DATA SEGMENT —
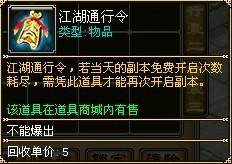 江湖通行令,当天副本免费开启次数耗尽,需凭此令才能再次开启副本。进入副本时消耗该物品道具。
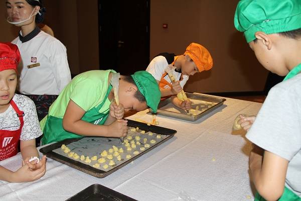 中午十二點左右,所有人員在酒店自助餐廳享用午餐。小朋友們用餐結束後,在酒店廚師的教導下學習DIY製作曲奇餅幹,最後,活動在派發六一兒童節紀念品中圓滿結束。
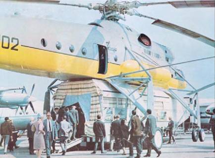 Впервые Советский Союз представил свою авиационную технику на авиасалоне в Ле Бурже в 1965 г. Вертолеты Ми-б, Ми-10, Ми-8 имели здесь огромный успех. Сам их перелет во Францию дальностью 7000 км по маршруту Москва – Варшава – Берлин – Копенгаген – Брюссель – Париж уже был рекордным.
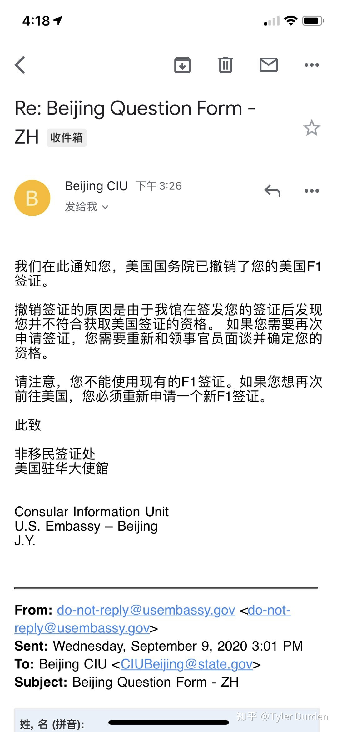 根据邮件:美国国务院认为持证人并不具备合法的资格。如果需要再次进入美国,需要去当地的美国大使馆重新申请新的美国签证。有些收到邮件的同学非常心急,又很担心可能是诈骗邮件,于是向大使馆求证。

TO DO — Omit the pictures, then copy out all the data exactly as it stands.

SOLUTION TO THIS PROBLEM —
 江湖通行令,当天副本免费开启次数耗尽,需凭此令才能再次开启副本。进入副本时消耗该物品道具。
 中午十二點左右,所有人員在酒店自助餐廳享用午餐。小朋友們用餐結束後,在酒店廚師的教導下學習DIY製作曲奇餅幹,最後,活動在派發六一兒童節紀念品中圓滿結束。
 Впервые Советский Союз представил свою авиационную технику на авиасалоне в Ле Бурже в 1965 г. Вертолеты Ми-б, Ми-10, Ми-8 имели здесь огромный успех. Сам их перелет во Францию дальностью 7000 км по маршруту Москва – Варшава – Берлин – Копенгаген – Брюссель – Париж уже был рекордным.
 根据邮件:美国国务院认为持证人并不具备合法的资格。如果需要再次进入美国,需要去当地的美国大使馆重新申请新的美国签证。有些收到邮件的同学非常心急,又很担心可能是诈骗邮件,于是向大使馆求证。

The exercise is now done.